Reader: When you speak of driving out Western civilization, I suppose you will say that we want no machinery.
Editor: By raising this question, you have opened the wound I have received. It is machinery that has impoverished India. It is difficult to measure the harm that Manchester has done to us. It is due to Manchester that Indian handicraft has all but disappeared. But I make a mistake. How can Manchester be blamed? We wore Manchester cloth, and this is why Manchester wove it. Machinery has begun to desolate Europe. Ruination is now knocking at the English gates. Machinery is the chief symbol of modern civilization; it represents a great sin. The workers in the mills of Bombay have become slaves. The condition of the women working in the mills is shocking. When there were no mills, these women were not starving. If the machinery craze grows in our country, it will become an unhappy land. It may be considered a heresy, but I am bound to say that it were better for us to send money to Manchester and to use flimsy Manchester cloth than to multiply mills in India. By using Manchester cloth we only waste our money; but by reproducing Manchester in India, we shall keep our money at the price of our blood, because our very moral being will be sapped.
Reader: You have so far spoken about machine-made cloth, but there are innumerable machine-made things.
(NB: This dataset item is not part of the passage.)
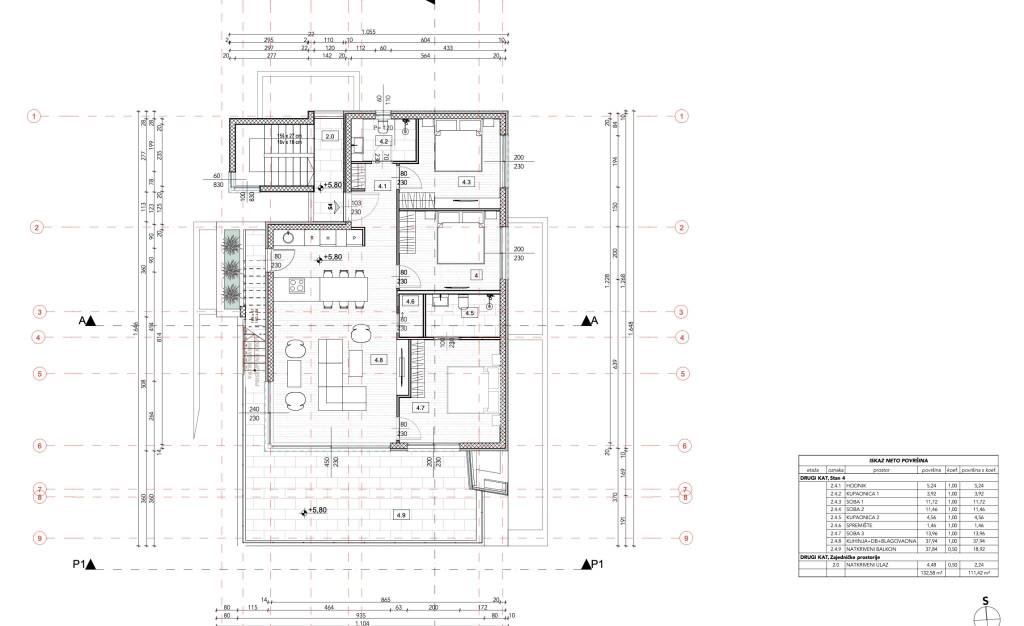 Krk, Njivice, prodaje se trosoban stan NKP 124.57m2 koji se sastoji od tri sobe, dnevnog dijela, 2 kupaone i terase na kojoj se nalazi krovni bazen.

We have either to import them or to introduce machinery into our country.
Editor: Indeed, our goods even are made in Germany. What need, then, to speak of matches, pins, and glassware? My answer can be only one. What did India do before these articles were introduced? Precisely the same should be done today. As long as we cannot make pins without machinery, so long will we do without them. The tinsel splendor of glassware we will have nothing to do with, and we will make wicks, as of old, with homegrown cotton and use handmade earthen saucers for lamps. So doing, we shall save our eyes and money and so shall we attain Home Rule. It is not to be conceived that all men will do all these things at one time or that some men will give up all machine-made things at once. But, if the thought is sound, we shall always find out what we can give up and gradually cease to use it. What a few may do, others will copy, and the movement will grow like the coconut of the mathematical problem. What the leaders do, the populace will gladly do in turn. The matter is neither complicated nor difficult. You and I need not wait until we can carry others with us. Those will be the losers who will not do it, and those who will not do it, although they appreciate the truth, will deserve to be called cowards.
Reader: What, then, of the tramcars and electricity?
Editor: This question is now too late. It signifies nothing. If we are to do without the railways we shall have to do without the tramcars. Machinery is like a snake hole which may contain from one to a hundred snakes. Where there is machinery there are large cities, and where there are large cities, there are tramcars and railways, and there only does one see electric light. English villages do not boast of any of these things. Honest physicians will tell you that where means of artificial locomotion have increased, the health of the people has suffered. I remember that when in a European town there was a scarcity of money, the receipts of the tramway company, of the lawyers, and of the doctors went down and people were less unhealthy. I cannot recall a single good point in connection with machinery. Books can be written to demonstrate its evils.
Reader: Is it a good point or a bad one that all you are saying will be printed through machinery?